To enter these credentials, copy [config.yaml.sample](config.yaml.sample) to `config.yaml` and edit the required portions.

## Additional Configuration Options

__syftr__ uses many components including Ray for job scheduling and PostgreSQL for storing results. In this section we describe how to configure them to run __syftr__ successfully.

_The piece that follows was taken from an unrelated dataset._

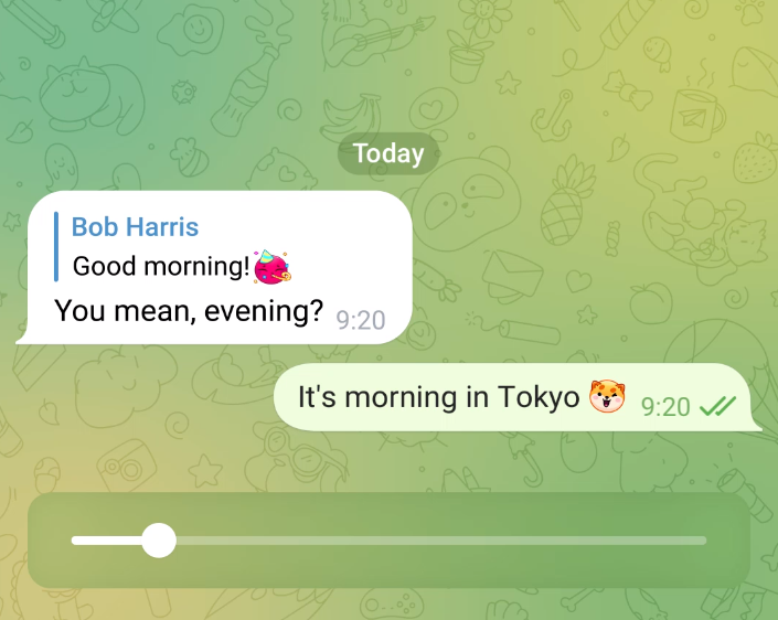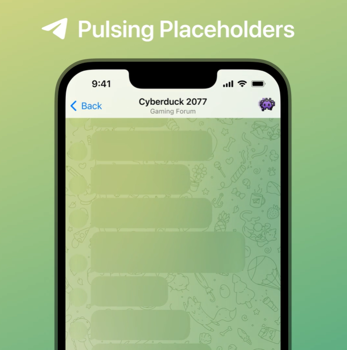 左滑回复增加了新动画。点用户资料页里的电话号码会弹出更多通话选项。群或频道加载消息时,也会看到新的脉冲占位动画,更加直观。

* The main config file of __syftr__ is `config.yaml`. You can specify paths, logging, database and Ray parameters and many others. For detailed instructions and examples, please refer to [config.yaml.sample](config.yaml.sample).
You can rename this file to `config.yaml` and fill in all necessary details according to your infrastructure.
* You can also configure __syftr__ with environment variables: `export SYFTR_PATHS__ROOT_DIR=/foo/bar`
* When the configuration is correct, you should be able to run [`examples/1-welcome.ipynb`](examples/1-welcome.ipynb) without any problems.
* __syftr__ uses SQLite by default for Optuna storage. The `database.dsn` configuration field can be used to configure any Optuna-supported relational database storage. We recommend Postgres for distributed workloads.

## Quickstart

First, run `make check` to validate your credentials and configuration.
Note that most LLM connections are likely to fail if you have not provided configuration for them.
Next, try the example Jupyter notebooks located in the [`examples`](/examples) directory.
Or directly run a __syftr__ study with user API:

```python
from syftr import api

s = api.Study.from_file("studies/example-dr-docs.yaml")
s.run()
```

Obtaining the results after the study is complete:

```python
s.wait_for_completion()
print(s.pareto_flows)
[{'metrics': {'accuracy': 0.7, 'llm_cost_mean': 0.000258675},
  'params': {'response_synthesizer_llm': 'gpt-4o-mini',
   'rag_mode': 'no_rag',
   'template_name': 'default',
   'enforce_full_evaluation': True}},
   ...
]
```

## Custom LLMs

In addition to the built-in LLMs, you may enable additional OpenAI-API-compatible API endpoints in the ``config.yaml``.

For example:

```yaml
local_models:
  default_api_key: "YOUR_API_KEY_HERE"
  generative:
    - model_name: "microsoft/Phi-4-multimodal-instruct"
      api_base: "http://phi-4-host.com/openai/v1"
      max_tokens: 2000
      context_window: 129072
      is_function_calling_model: true
      additional_kwargs:
        frequency_penalty: 1.0
        temperature: 0.1
    - model_name: "deepseek-ai/DeepSeek-R1-Distill-Llama-70B"
      api_base: "http://big-vllm-host:8000/v1"
      max_tokens: 2000
      context_window: 129072
      is_function_calling_model: true
      additional_kwargs:
        temperature: 0.6
```

And you may also enable additional embedding model endpoints:

```yaml
local_models:
...
  embedding:
    - model_name: "BAAI/bge-small-en-v1.5"
      api_base: "http://vllmhost:8001/v1"
      api_key: "non-default-value"
      additional_kwargs:
        extra_body:
          truncate_prompt_tokens: 512
    - model_name: "thenlper/gte-large"
      api_base: "http://vllmhost:8001/v1"
      additional_kwargs:
        extra_body:
          truncate_prompt_tokens: 512
```

Models added in the ``config.yaml`` will be automatically added to the default search space, or you can enable them manually for specific flow components.

## Custom Datasets

See detailed instructions [here](docs/datasets.md).

## Citation

If you use this code in your research please cite the following [publication](https://arxiv.org/abs/2505.20266).

```bibtex
@article{syftr2025,
  title={syftr: Pareto-Optimal Generative AI},
  author={Conway, Alexander and Dey, Debadeepta and Hackmann, Stefan and Hausknecht, Matthew and Schmidt, Michael and Steadman, Mark and Volynets, Nick},
  booktitle={Proceedings of the International Conference on Automated Machine Learning (AutoML)},
  year={2025},
}
```

## Contributing

Please read our [contributing guide](/CONTRIBUTING) for details on how to contribute to the project. We welcome contributions in the form of bug reports, feature requests, and pull requests.

Please note we have a [code of conduct](/CODE_OF_CONDUCT.md), please follow it in all your interactions with the project.